Start of DATA FOR THIS EXERCISE
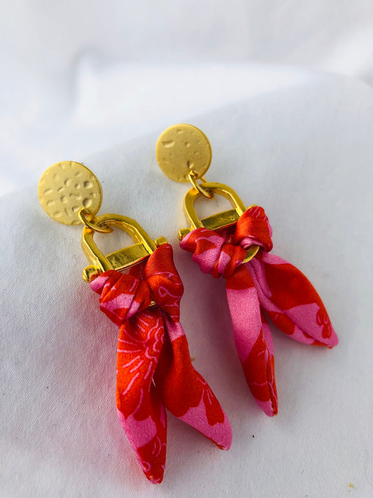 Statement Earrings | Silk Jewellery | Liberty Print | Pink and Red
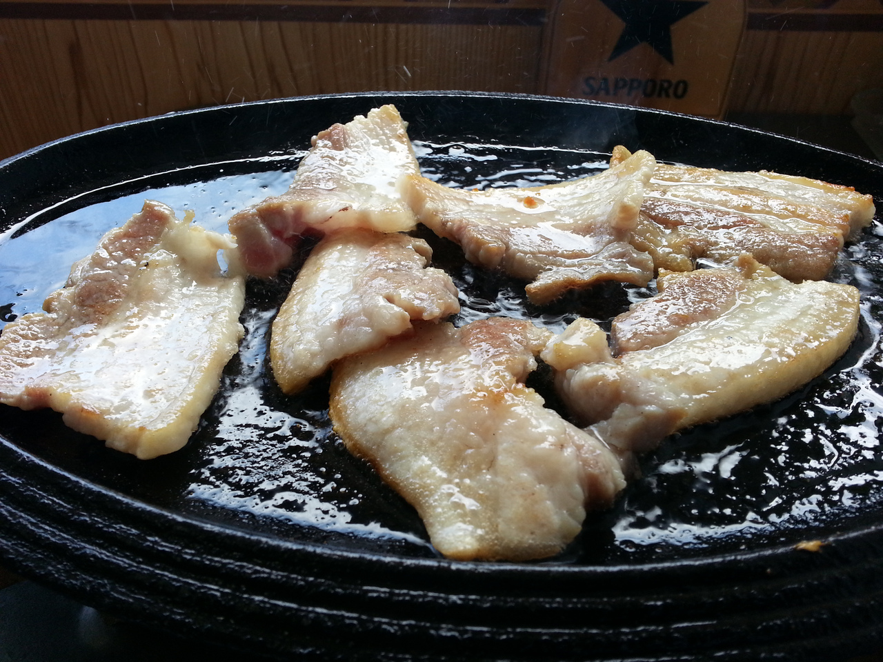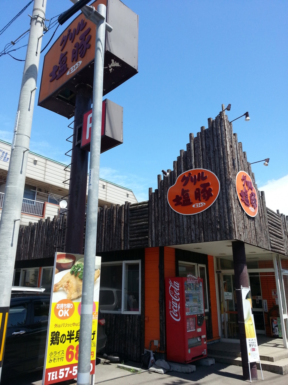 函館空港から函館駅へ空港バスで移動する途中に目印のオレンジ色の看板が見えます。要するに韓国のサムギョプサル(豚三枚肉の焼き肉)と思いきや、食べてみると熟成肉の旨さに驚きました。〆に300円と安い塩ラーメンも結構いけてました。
End of DATA FOR THIS EXERCISE
Start of DATA FOR THIS EXERCISE
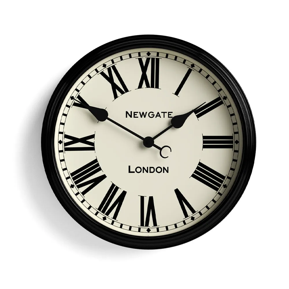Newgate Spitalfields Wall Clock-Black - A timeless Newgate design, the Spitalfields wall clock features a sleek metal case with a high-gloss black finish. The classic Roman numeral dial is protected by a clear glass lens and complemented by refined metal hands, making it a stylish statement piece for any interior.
End of DATA FOR THIS EXERCISE
Start of DATA FOR THIS EXERCISE
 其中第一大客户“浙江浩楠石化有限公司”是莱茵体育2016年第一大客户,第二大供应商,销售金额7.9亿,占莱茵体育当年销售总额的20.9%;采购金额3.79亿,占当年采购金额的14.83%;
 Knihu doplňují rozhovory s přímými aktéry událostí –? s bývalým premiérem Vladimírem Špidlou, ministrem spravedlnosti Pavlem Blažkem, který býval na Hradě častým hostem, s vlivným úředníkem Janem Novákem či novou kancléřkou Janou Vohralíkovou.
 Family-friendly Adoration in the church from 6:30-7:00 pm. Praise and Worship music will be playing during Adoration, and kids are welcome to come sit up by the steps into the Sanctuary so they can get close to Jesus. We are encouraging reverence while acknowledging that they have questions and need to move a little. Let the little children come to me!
End of DATA FOR THIS EXERCISE
» WORK TO COMPLETE: Return exactly, and only, the lines above starting at the line that contains "Knihu doplňují rozhovory" and ending at the line that contains "Family-friendly Adoration in".

» ANSWER:
 Knihu doplňují rozhovory s přímými aktéry událostí –? s bývalým premiérem Vladimírem Špidlou, ministrem spravedlnosti Pavlem Blažkem, který býval na Hradě častým hostem, s vlivným úředníkem Janem Novákem či novou kancléřkou Janou Vohralíkovou.
 Family-friendly Adoration in the church from 6:30-7:00 pm. Praise and Worship music will be playing during Adoration, and kids are welcome to come sit up by the steps into the Sanctuary so they can get close to Jesus. We are encouraging reverence while acknowledging that they have questions and need to move a little. Let the little children come to me!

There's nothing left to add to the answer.